Джон продолжал потягивать виски. «Ты хоть представляешь, – возбужденно сообщил ему Майк, это виски наливая, – во что бы тебе обошлась такая бутылка на черном рынке 1942 года?» Нет, Джон не знал – и да, Майк ему поведал. Сейчас уже толком не вспомню, какое число он назвал. Кажется, что-то порядка сорока или пятидесяти фунтов – так, наверное? – в переводе на современные деньги. Что, очевидно, да, весьма немало. Если честно, я совершенно не представляю, что нынче является «ценностью». Я просто плачу, сколько требуют, – это, по-моему, не просто вежливо, но и, я думаю, позволяет полнее сосредоточиться на том удовольствии, которое эта покупка, эта трата доставляет мне – или, намного чаще, Фрэнки (хотя, разумеется, да: мне это тоже приятно) – полнее, чем тягостные раздумья, насколько большую и зияющую дыру она проела в моем бюджете.
Вы только поглядите на Фрэнки. Судя по всему, думал Джон, опять впала в искренне заинтересованное настроение – с ней это регулярно бывает, – носится по квартире Майка и Уны, тычет пальцем в одно и глазеет на другое, Майк порой ждет, когда она осведомится у него о каких-то деталях, но торопится объяснить все равно. Хотя иногда, как Джону прекрасно известно, в квартире Майка и Уны Фрэнки становится, насколько это вообще для нее возможно, ну – угрюмой звучит слишком мрачно, язвительно и ужасно, она такой никогда не бывает, нет-нет, никогда. Но бывали разы, когда она просто более или менее сидела, вертела в руках бокал, и Джон знал, что после она опять спросит его, почему они должны проводить столько времени в этом странном музее? Но сейчас, как я уже сказал, она вроде бы вполне довольна.

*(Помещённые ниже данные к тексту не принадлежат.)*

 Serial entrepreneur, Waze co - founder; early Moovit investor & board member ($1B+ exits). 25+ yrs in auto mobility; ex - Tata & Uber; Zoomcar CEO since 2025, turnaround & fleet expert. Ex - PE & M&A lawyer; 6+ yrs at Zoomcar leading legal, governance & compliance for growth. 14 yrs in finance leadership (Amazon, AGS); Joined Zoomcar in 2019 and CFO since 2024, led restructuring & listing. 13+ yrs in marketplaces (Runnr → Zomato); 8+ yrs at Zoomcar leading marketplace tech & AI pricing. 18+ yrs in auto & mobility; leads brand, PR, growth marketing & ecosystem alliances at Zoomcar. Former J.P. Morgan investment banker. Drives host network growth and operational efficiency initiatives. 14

– Мне, типа, нравится этот наряд, – говорила она меж тем, постукивая стекло в крепкой рамке длинным, заостренным, отполированным и покрытым лаком ногтем. – Как по-твоему, хорошо бы я смотрелась в таком наряде, Джонни? Что скажешь, Уна?
– Послушай, как интересно, что ты об этом спросила, Фрэнки, – немедленно завел Майк. – Потому что…

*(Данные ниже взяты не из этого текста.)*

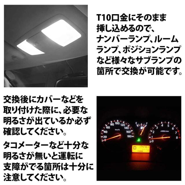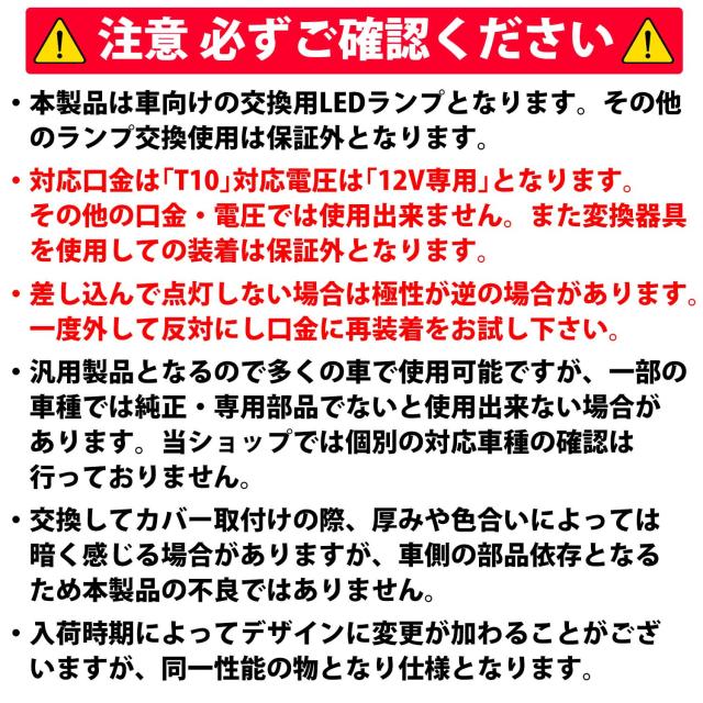 ・対応口金は「T10」対応電圧は「12V専用」となります。その他の口金・電圧では使用出来ません。また変換器具を使用しての装着は保証外となります。

– Нет, – оборвала его Уна. – Нет, Фрэнки, ни в коем случае. Он закроет все твои ноги.
– Да, но послушай! – продолжал Майк весьма настойчиво. – Этот «наряд», как ты его назвала…

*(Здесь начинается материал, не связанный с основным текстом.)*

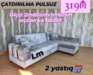 Künc divanlar⚜️ Yeni və sifarişlə Qiymət : 319₼ Ölçü: 2m60smx1m60sm Rəng seçimi sərbəst. Kitab kimi açılan və bazalı 2 ədəd yastıqça hədiyyə🎁 Şəhər daxili çatdırılma pulsuz Elani Screen Ed...

– Ну, – надула губы Фрэнки, – иногда я надеваю брюки, правда, Джонни? Хотя, конечно, узкие. Но да – я люблю юбки, и каблуки, и много чего еще. А почему внизу рамки какой-то коричневый мусор накрошен, Майк? И кто этот старый пень? Твой папа, что ли?
Тут даже Майк на секунду заткнулся (а Джон тихо хихикнул).
– Это!.. – воскликнул Майк, едва ожил. – Этот «старый пень» – это Черчилль, Фрэнки. Уинстон Черчилль. Ты, конечно же знаешь, что он?..
– Ах да, – поняла Фрэнки. – Черчилль, конечно. Не смотри на меня, Майк! Я слышала о нем, знаешь ли. Я знаю, что он воевал и все такое прочее. Он ведь уже умер, да?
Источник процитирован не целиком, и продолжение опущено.